The rise of Gopher (created in 1991 by Mark McCahill at the University of Minnesota) led to two new search programs, Veronica and Jughead. Like Archie, they searched the file names and titles stored in Gopher index systems. Veronica (Very Easy Rodent-Oriented Net-wide Index to Computerized Archives) provided a keyword search of most Gopher menu titles in the entire Gopher listings. Jughead (Jonzy's Universal Gopher Hierarchy Excavation And Display) was a tool for obtaining menu information from specific Gopher servers. While the name of the search engine "Archie Search Engine" was not a reference to the Archie comic book series, "Veronica" and "Jughead" are characters in the series, thus referencing their predecessor.
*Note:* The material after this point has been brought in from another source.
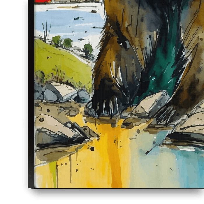 Das Aquarell eines Grizzlybären zeigt ein reich strukturiertes Fell in Braun-, Gold- und Rotbrauntönen, das seine kraftvolle und imposante Präsenz unterstreicht. Die weichen, fließenden Pinselstriche erinnern an die raue Form und die natürliche Stärke des Bären, während seine ausdrucksstarken Augen und seine muskulöse Haltung dem Bild…

In the summer of 1993, no search engine existed for the web, though numerous specialized catalogs were maintained by hand. Oscar Nierstrasz at the University of Geneva wrote a series of Perl scripts that periodically mirrored these pages and rewrote them into a standard format. This formed the basis for W3Catalog, the web's first primitive search engine, released on September 2, 1993.
In June 1993, Matthew Gray, then at MIT, produced what was probably the first web robot, the Perl-based World Wide Web Wanderer, and used it to generate an index called "Wandex". The purpose of the Wanderer was to measure the size of the World Wide Web, which it did until late 1995. The web's second search engine Aliweb appeared in November 1993. Aliweb did not use a web robot, but instead depended on being notified by website administrators of the existence at each site of an index file in a particular format.
JumpStation (created in December 1993 by Jonathon Fletcher) used a web robot to find web pages and to build its index, and used a web form as the interface to its query program. It was thus the first WWW resource-discovery tool to combine the three essential features of a web search engine (crawling, indexing, and searching) as described below. Because of the limited resources available on the platform it ran on, its indexing and hence searching were limited to the titles and headings found in the web pages the crawler encountered.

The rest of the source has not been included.